The Defense Department has been warning of the growing risks of weapons in space, but the massive increase in objects about to enter low-Earth orbit will make tracking potential weapons even harder. A California company called Slingshot Aerospace has created an AI system to address that challenge, by identifying strangely behaving satellites within large satellite constellations—which could indicate space weapons or other threats.
On Wednesday, Slingshot Aerospace announced a new contract with the Defense Advanced Research Projects Agency for the system, called Agatha.
Dylan Kesler, the director of data science and AI at Slingshot Aerospace, told Defense One that detecting the strange movements of satellites in geosynchronous orbit—like the Russian Luch satellite detected diverting from its predicted path in 2015 to sidle up next to a pair of Intelsat communications satellites in a possible hacking attempt—is simple compared to the challenge of detecting space weapons that could be hidden among new satellite constellations in the much more crowded low-Earth orbit.

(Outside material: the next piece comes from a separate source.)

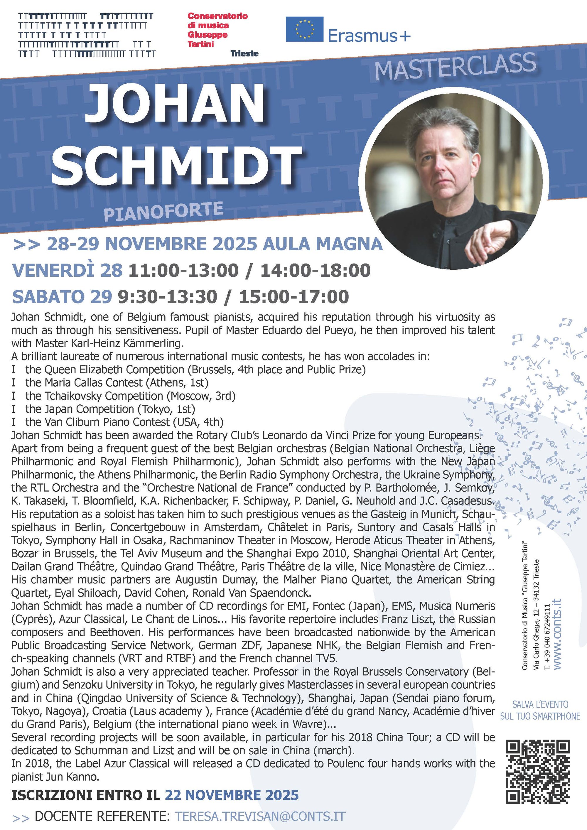 Johan Schmidt is also a very appreciated teacher. Professor in the Royal Brussels Conservatory (Belgium) and Senzoku University in Tokyo, he regularly gives Masterclasses in several european countries and in China (Qingdao University of Science & Technology), Shanghai, Japan (Sendai piano forum, Tokyo, Nagoya), Croatia (Laus academy ), France (Académie d’été du grand Nancy, Académie d’hiver du Grand Paris), Belgium (the international piano week in Wavre)...

“The way that these sorts of analyses have been done throughout history up until recently was literally to say ‘We know that this spacecraft is is maneuvering in a way we wouldn't expect and it's getting close to another spacecraft and the GEO belt, and we should be analyzing that,’” Kesler said.
Now, as the number of satellites in LEO increases, it’s harder to spot potential outliers. And LEO is only becoming more congested. Just last week, China announced a new plan to launch 10,000 new satellites into LEO. That’s on top of a January announcement of 26,000 future Chinese satellites into low-Earth orbit, which itself is just part of a much larger wave.
Tracking potential nefarious behavior in constellations of that size, which are orbiting the Earth far faster than satellites in GEO, requires the ability to process more data from more places, Kesler said. Instead of using the machine learning tools analysts used to track satellites like Luch, the new normal will require more sophisticated approaches, like inverse reinforcement learning.
Strange and possibly illicit payloads, or a host of other factors, could cause a single satellite out of a large constellation to behave unusually, Kesler said. The goal is to detect that behavior as soon as possible so that relevant parties, like Space Command, can use intelligence resources to determine what is causing that behavior.
But with little if any data on actual space weapons available, how can Slingshot Aerospace test whether the AI system is detecting them accurately?
Said Kesler: “We challenged it with both the simulated data and then we crossed the sim into real.” Specifically, the company ran a series of scenarios to show how well Agatha could detect anomalies in virtual settings, and then applied the AI to satellite constellations already in space.
“It functioned in the real world as well, and identified satellites within those real world constellations that were suffering faults or that were changing their mission. And we talked to the owner-operators and indeed validated that the satellites that Agatha identified were in fact different from the others.”
In at least a couple of instances, the satellite operators only learned of the potential malfunctions from the company.